(Beginning of Stored data)

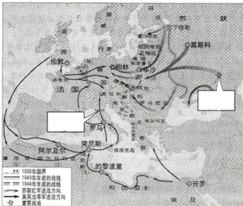
1943—1945年的欧洲、北非战场示意图

18.观察《1943—1945年的欧洲、北非战场示意图》，请将下列地点的英文字母代号填写在答题卡图中对应的方框内。
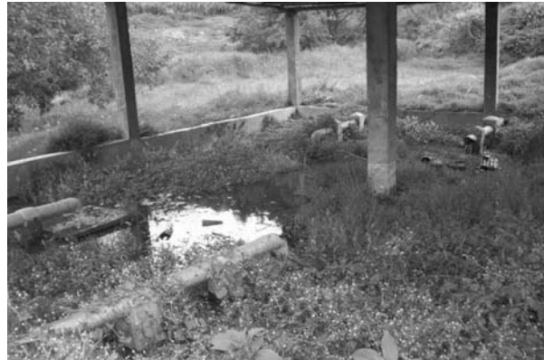
Foto 3. Acumulación de lodo, agua y vegetación en el lecho de secado de lodos antes del inicio del proyecto.

La tubería de 6" de diámetro de PVC conexiona el tanque con el lecho que alimenta a cuatro puntos, cada uno de las cuales tiene su respectiva loza. El lecho consta de dos tuberías de salida que evacúan las aguas a una acequia colindante. Este lecho de secado, por falta de mantenimiento, estaba saturado con lodo y vegetación, desconociéndose la conformación del medio filtrante, y no cumplía los requerimientos mínimos para el cual fue construido. (Foto 3).
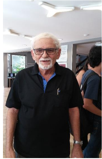
פרופ' דוד גילת
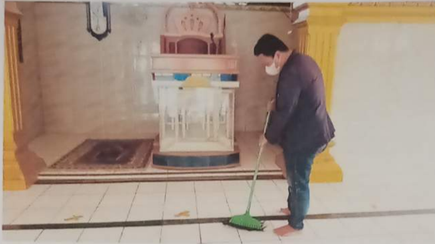
Gambar 11 : membantu membersihkan masjid sebelum dipakai shalat jumat berjamaah
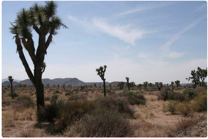
Joshua Treen kansallispuisto on karu mutta monipuolinen kohde.

(End of Stored data)

Your response should contain each line of the listing in which the word "北非战场示意图" occurs.

→ Answer area:
1943—1945年的欧洲、北非战场示意图
18.观察《1943—1945年的欧洲、北非战场示意图》，请将下列地点的英文字母代号填写在答题卡图中对应的方框内。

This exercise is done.